Disturbances in purinergic [Ca2+]i signaling pathways in a transformed rat thyroid cell line

It was previously shown that in rat thyroid PC-C13 cell line, a purinergic P2Y receptor increases the concentration of free cytosolic Ca²⁺ ([Ca²⁺]_i) via phospholipase C activation. We here studied whether in a transformed cell line (PC-E1Araf) derived from parental PC-C13 cells, ATP is still able to transduce the [Ca²⁺]_i-based intracellular signal. We demonstrate the expression of mRNA for P2Y2 in both PC-C13 and PC-E1Araf cells; mRNAs for P2Y1, P2Y4, P2Y6 and P2Y11 were absent. In both cell lines activation of P2Y2 receptor provokes a transient increase in [Ca²⁺]_i followed by a lower sustained phase persisting for over 5 min in PC-C13 and only 1.5 min in PC-E1Araf cells.
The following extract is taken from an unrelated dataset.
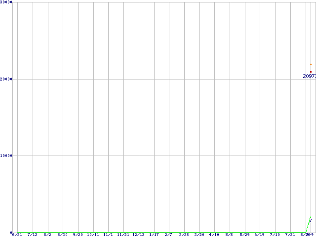 ※このグラフは過去のデータも税率5%相当に調整した税込み相当額のグラフです。 税率変更や、総額表示方式導入(2004年4月)の影響は除いています。 | | | ●凡例 | 最安値 (点線部は販売店未確認 または未調査) | 平均値 | 最高値 | ショップ数 |
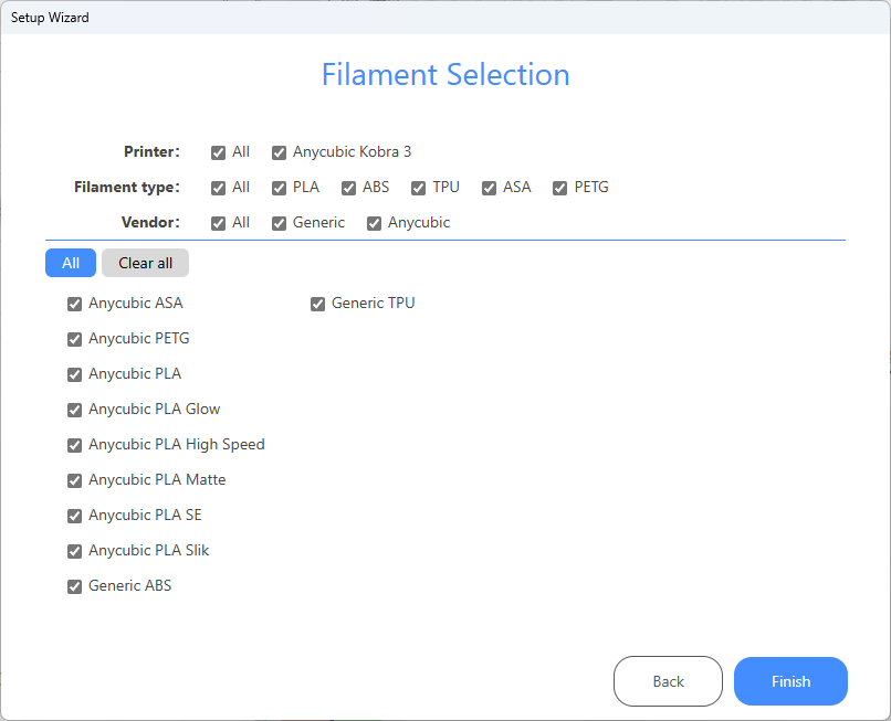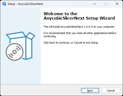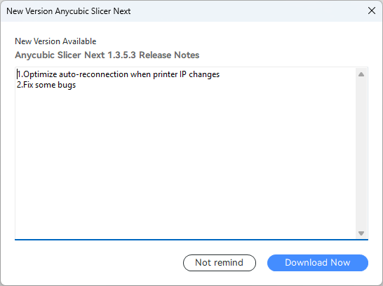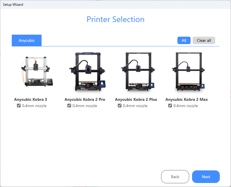The only change I made in the startup sequence was to disable the other 3D printers. I installed the updates when prompted then logged in after Anycubic Slicer Next loaded.

In both cell lines the [Ca²⁺]_i reached a plateau level significantly higher than the basal [Ca²⁺]_i level persisting for over 10 min. Removal of extracellular Ca²⁺ reduced the initial transient response to ATP in PC-C13, but not in PC-E1Araf cells, and completely abolished the plateau phase in both cell lines. In the presence of extracellular Ca²⁺ thapsigargin (TG) caused a rise in [Ca²⁺]_i significantly higher in PC-C13 than transformed PC-E1Araf cells, while in Ca²⁺-free medium the effect of TG was similar in both cell lines. The capacitative Ca²⁺-entry in PC-C13 resulted significantly higher than in PC-E1Araf cells. Further studies were performed in order to investigate whether the different effects of ATP on [Ca²⁺]_i was due to variation in divalent cation plasma membrane permeability. PC-E1Araf cells showed a much lower permeability to Ca²⁺, Ba²⁺, Sr²⁺, Mn²⁺, and Co²⁺ that may be responsible for the differences in purinergic Ca²⁺ signaling pathway with respect to parental PC-C13 cells.